La Flesche studeerde niet alleen vroeg af, maar was ook nummer 1 in haar klas.
Nadat ze de eerste vrouwelijke Indiaanse arts in de Amerikaanse geschiedenis was geworden, verhuisde La Flesche terug naar Nebraska en zette een praktijk op om zowel de Omaha Nation als blanke patiënten te dienen, in totaal ongeveer 1.300 mensen. Ze trouwde in 1894 met Henry Picotte en in 1913 opende ze het eerste privéziekenhuis in een Indiaans reservaat.
Bertha "Birdie" Parker werd geboren als archeoloog - ze werd letterlijk geboren in een tent tijdens een archeologische opgraving. Maar de autodidactische wetenschapper kreeg niet altijd de eer die ze verdiende.
Parkers vader was een folklorist, archeoloog en historicus van de Seneca-stam, en haar moeder was een verbluffende actrice van de Abenaki-natie die verscheen in vroege films zoals 'Birth of a Nation' van D.W. Griffith. Parker hield zich bezig met acteren en modellenwerk nadat haar ouders scheidden en ze met haar moeder naar Los Angeles verhuisde, maar ze vond de weg terug naar haar eerste liefde, archeologie.
Parker's aangetrouwde oom was Mark Raymond Harrington, directeur van het Southwest Museum in LA. Hij huurde Parker in als secretaris en kok voor de opgravingen van het museum van Indiase locaties in Pueblo, maar Parker was niet tevreden met 'vrouwenwerk'. Ze leerde snel tijdens haar werk en was bereid te gaan waar andere wetenschappers bang voor waren.
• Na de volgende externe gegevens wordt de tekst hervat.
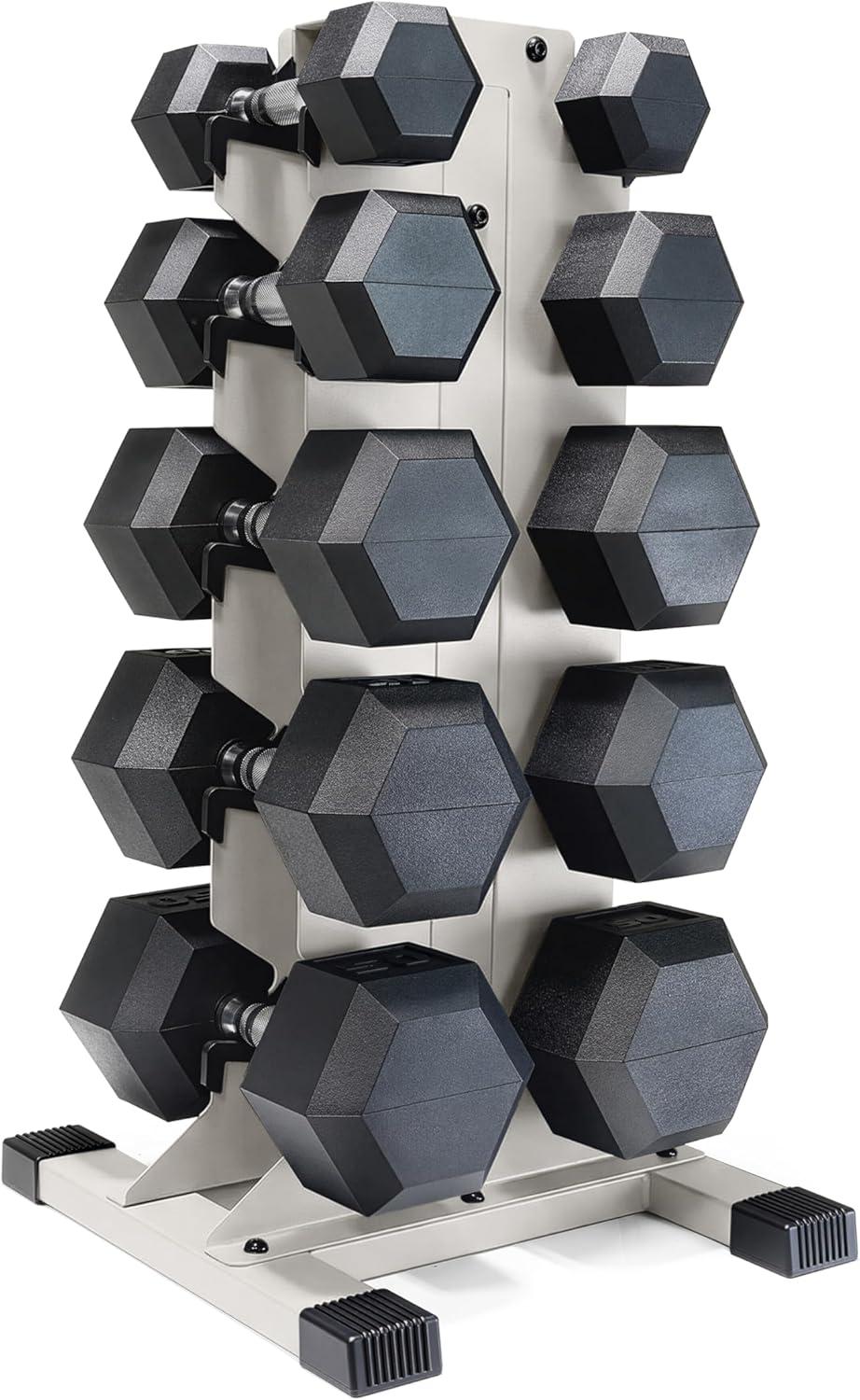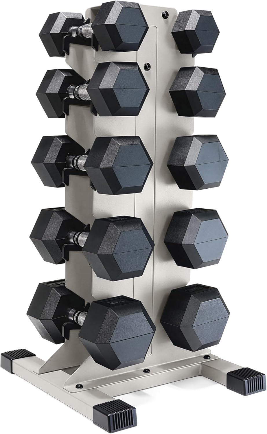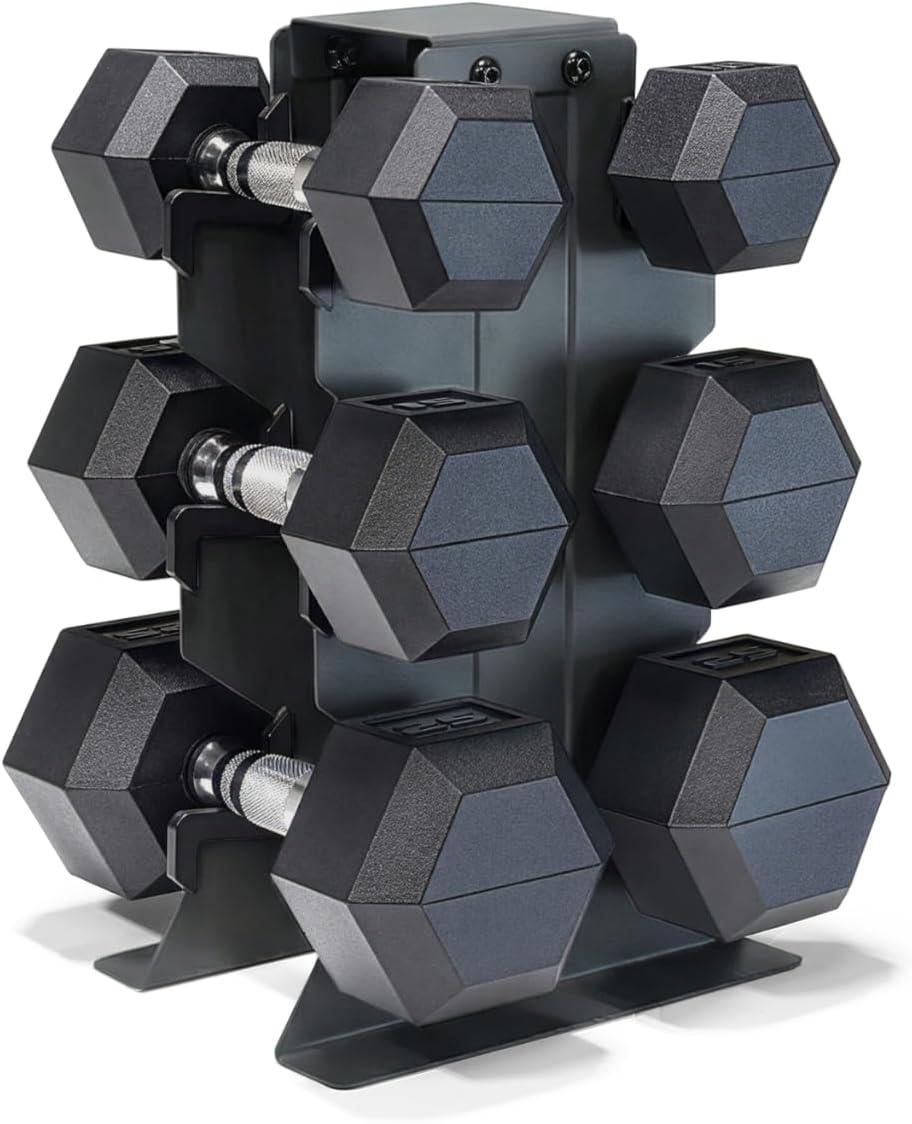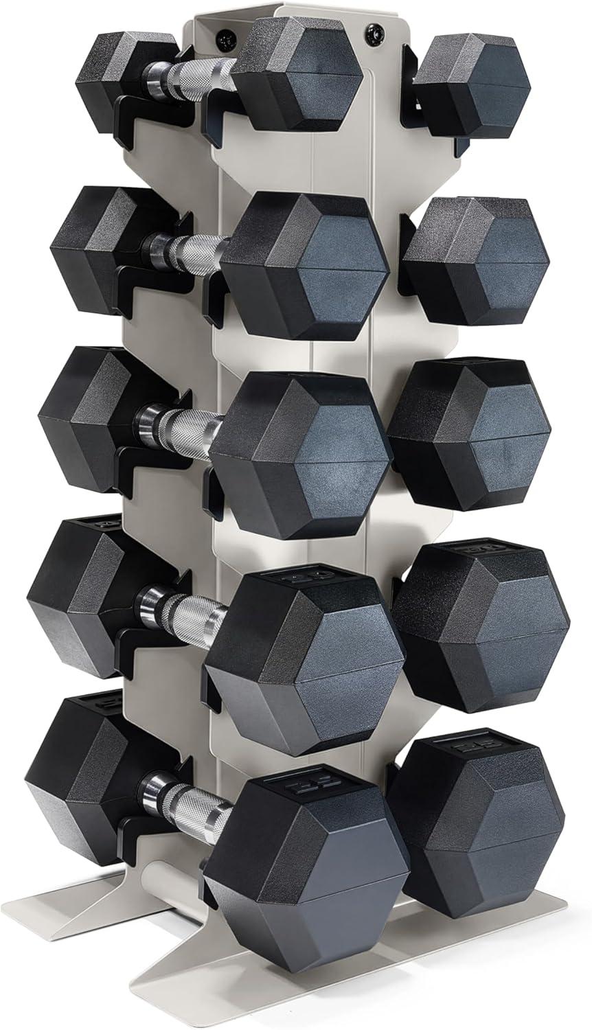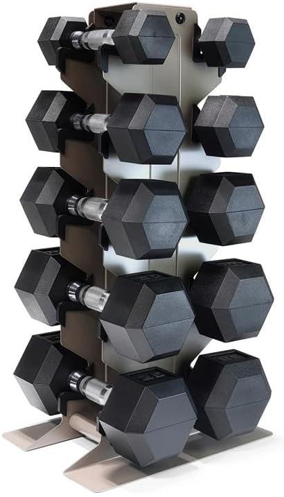 COMPLETE DUMBBELL SET WITH RACK – Includes A pair of 5-pound, 10-pound, 15-pound, 20-pound, and 25-pound comfort handle rubber hex dumbbells with a vertical dumbbell rack to store the weights. This complete free weights dumbbell set is designed for home gym and garage gym use. NOTE: Ships in multiple boxes for faster and safer delivery; boxes may arrive separately.

In 1930 deed Parker een baanbrekende ontdekking toen ze zich door een nauwe spleet wurmde in de Gypsum Cave in Nevada. Ze vond de schedel van een gigantische luiaard naast vroege menselijke gereedschappen:een bewijs dat er naast het uitgestorven dier ook oude inheemse volkeren hadden bestaan.
Parker publiceerde verschillende belangrijke artikelen, waaronder etnografische verkenningen van Californische stammen als de Maidu, Yurok, Pomo en Paiute, waarbij hij er altijd zorgvuldig op toezag de namen op te nemen van de inheemse mannen en vrouwen die ze interviewde, een ongebruikelijke praktijk in die tijd. Helaas werd Parker zelf vaak alleen gezien als de dochter, nicht of echtgenote van haar mannelijke archeoloog-familieleden.
Later in zijn leven trouwde Parker met 'Iron Eyes Cody', de Italiaans-Amerikaanse acteur die carrière maakte door Indiaanse rollen te spelen. Cody is (be)beroemd vanwege zijn optreden in de advertentie 'Crying Indian' uit 1974.